Sportif tasarımıyla dikkat çeken yeni Ford Puma temelde Ford’un B segmenti platformunu kullanıyor ancak bunu arttırılmış dingil mesafesi ve iz genişliği ile SUV sınıfına özgü gövde orantılarıyla tamamlıyor. Puma, çarpıcı ve tamamen özgün bir siluet için alçak eğimli bir tavan çizgisi kullanıyor. Önden arkaya doğru yükselen ve arkaya doğru iyice genişleyen omuz çizgisi dinamik ve güçlü bir görünümü beraberinde getirmeyi amaçlamış. Yatay formlu iki parça stop lambası tasarımı ise daha geniş bir arka görünüm sunmakla birlikte bagaj erişimini kolaylaştıracak seviyede. Yan gövde boyunca uzanan pürüzsüz ve akıcı hatlar alt gövdede ön ve arka lastikler arasındaki iç bükey oluşumla daha dinamik ve canlı bir görünüm kazanıyor. Dinamik ve sportif tasarım LED sis lambaları gibi şık detaylarla tamamlanırken, yukarıda konumlandırılan farlarla birlikte kendine özgü bir görünüm ortaya çıkıyor.

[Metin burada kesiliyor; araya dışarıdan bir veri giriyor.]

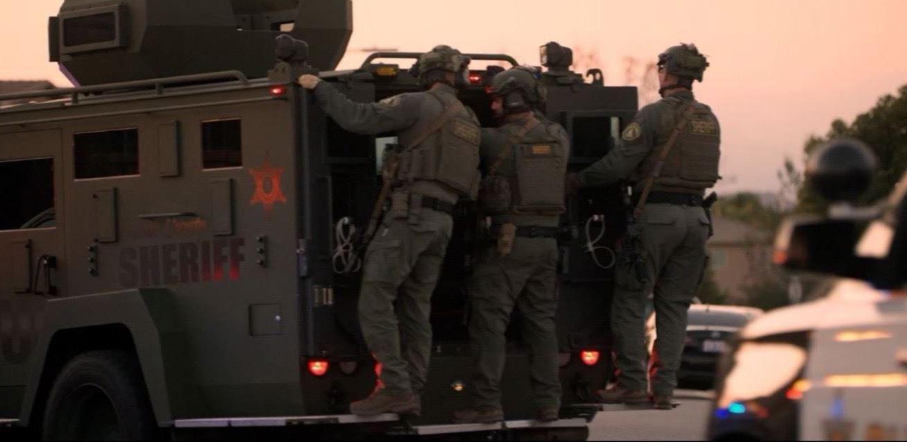 | Image courtesy of the Riverside University Health System Special Enforcement Bureau officers stand on the edge of an armored vehicle. | Photo courtesy of the Riverside County Sheriff’s Department
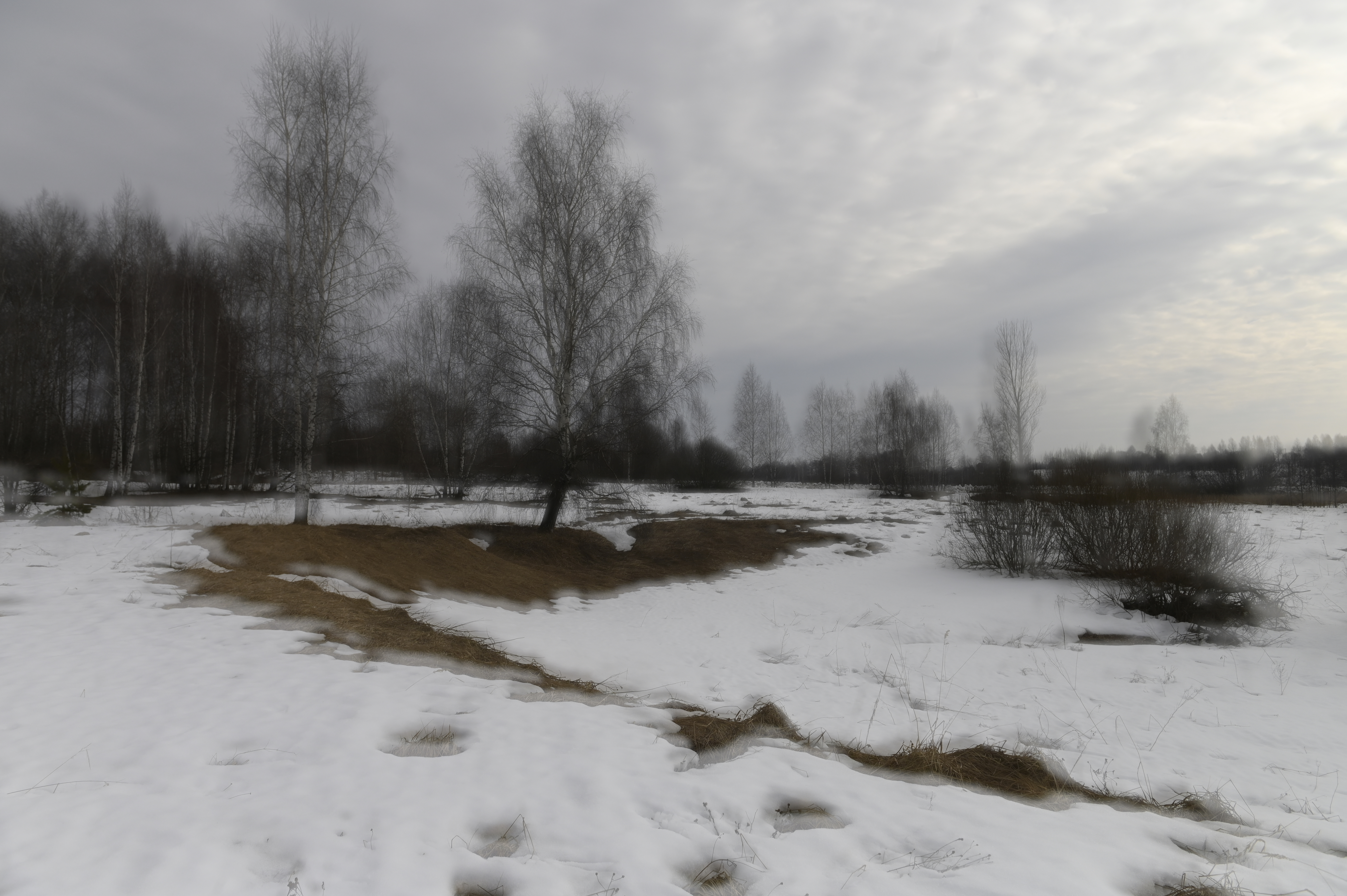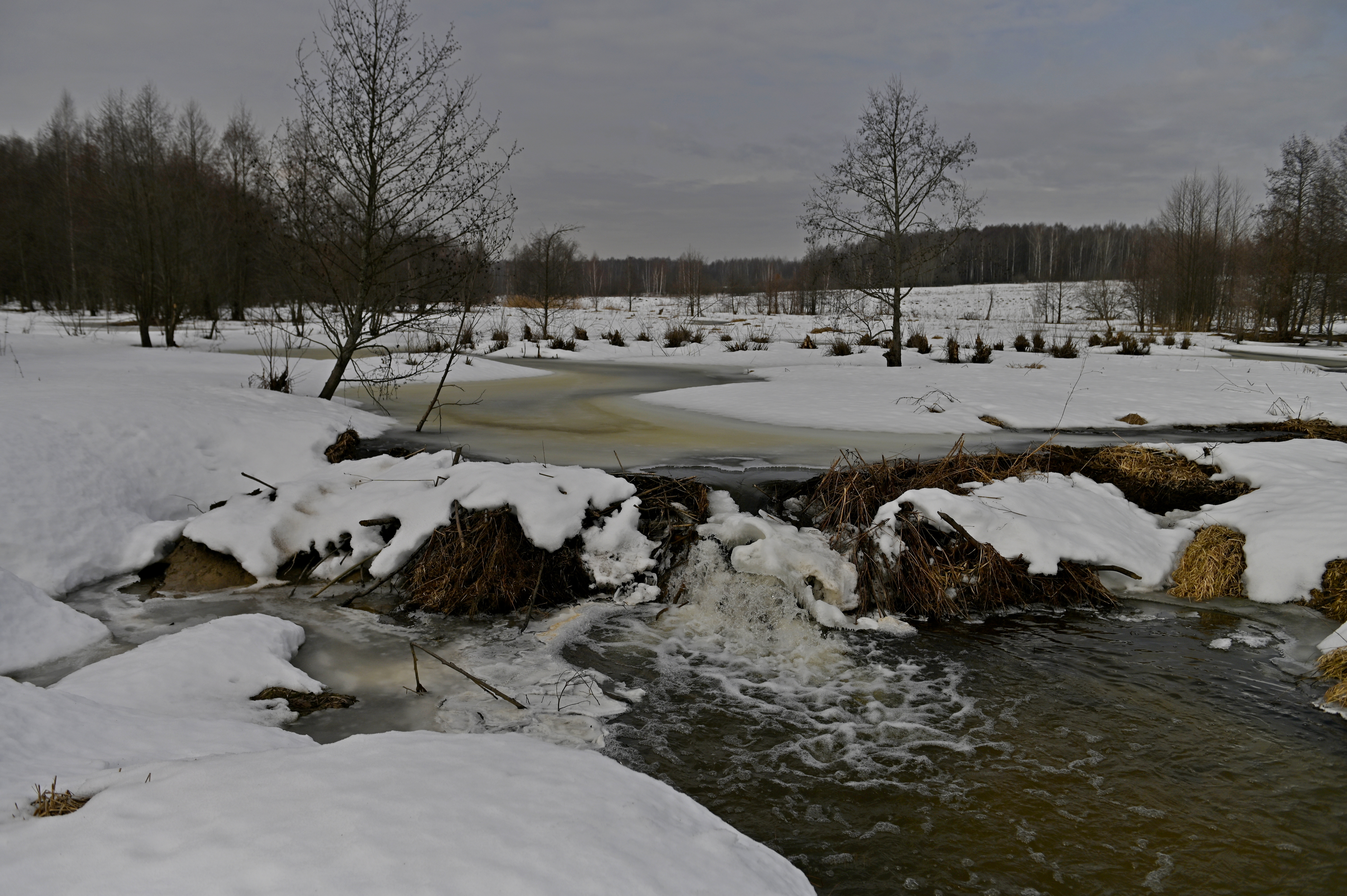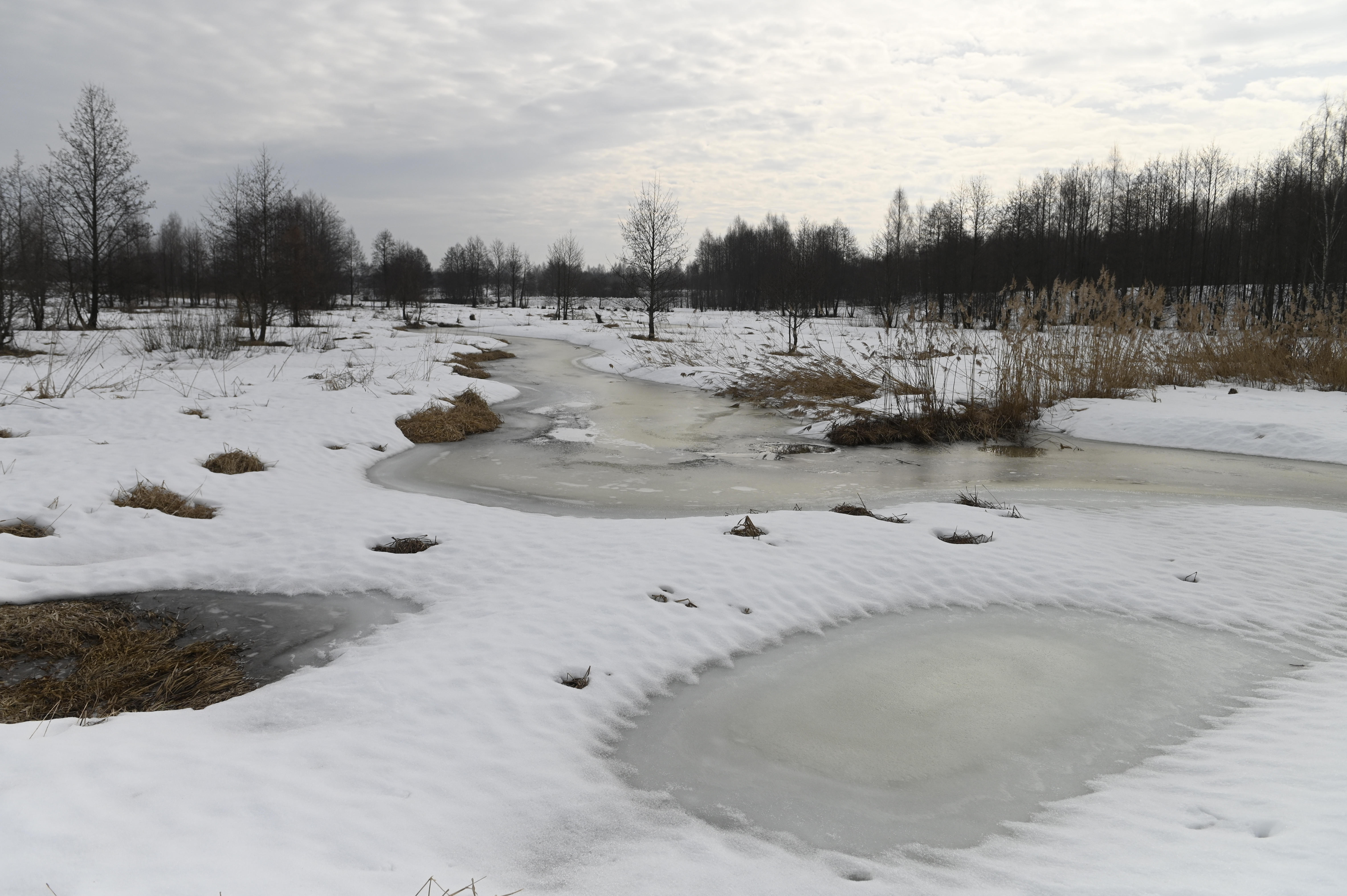 После оттепели и ночного мороза наст держит хорошо и решил отправится на открытые просторы на обход окрестных угодий вниз по течению Раменки в поля. следов тетеревиных токов не нашел. только помет. А так- красивые поля с разливами, бобровая плотина. Нашел несколько лисих нор, вырытых в дренажных отвалах.

Yeni Ford Puma crossover ST-Line ve Titanium dahil her biri farklı bir karakter yansıtan son derece özgün tasarım detaylarına sahip donanım paketleriyle geliyor. Ford’un performans modellerinden izler taşıyan Puma ST-Line donanımda 18 inçlik jantlar sunulurken isteğe bağlı olarak 19 inçlik mat siyah jantlar tercih edilebiliyor. Her biri 11 farklı renk seçeneğine sahip yeni Ford Puma yenilikçi bagaj çözümünün de aralarında bulunduğu son derece fonksiyonel ve kullanışlı yapısal özellikler sunuyor. Sınıfının ödün vermeyi gerektirmeyen en iyi bagaj hacmine sahip olan yeni Puma’da 456 litrelik bir bagaj bulunuyor. Arka koltukların yatırılmasıyla 112 cm uzunluğunda, 97 cm genişliğinde ve 43 cm yüksekliğinde bir koli esnek kullanım özelliklerine sahip bagaja sığıyor.
Ford, bu yılın başlarında, yeni Focus’tan itibaren pazara sunulan her bir Ford otomobilin bir elektrikli seçeneğe sahip olacağını açıklamıştı. Yeni Ford Puma; sahip olduğu performans ile üstün sürüş keyfi sunarken yüksek yakıt verimliliğini beraberinde getiren Ford’un yenilikçi yarı-hibrit sistemini kullanan ilk model olacak. EcoBoost Hybrid teknolojisinde Puma’nın 1,0 litre EcoBoost benzinli motorunda 11,5 kW gücünde kayışla bağlantılı entegre bir marş/jeneratörü (BISG) devreye giriyor. Geleneksel alternatörün yerini alan bu sistem (BISG) fren anında oluşan ve boşa giden enerjiyi hava soğutmalı 48 Voltluk lityum-iyon bataryayı şarj etmek için kullanıyor. Sistem (BISG) aynı zamanda depolanan enerjiyi kullanarak üç silindirli benzinli motoru normal sürüş ve hızlanma anında ilave tork ile desteklemek üzere devreye giriyor. Yarı hibrit sistemin 125 PS ve 155 PS olmak üzere iki farklı güç versiyonu bulunuyor. Kişiselleştirme olanağı sunan 12,3 inçlik dijital gösterge ekranı sayesinde sürücüler sürüş destek sistemleri veya navigasyon gibi bilgileri ekranda önceliklendirebiliyor. 24 bit gerçek renkli ekran bilgileri daha canlı ve parlak göstererek sürüş esnasındaki okunabilirliği kolaylaştırıyor.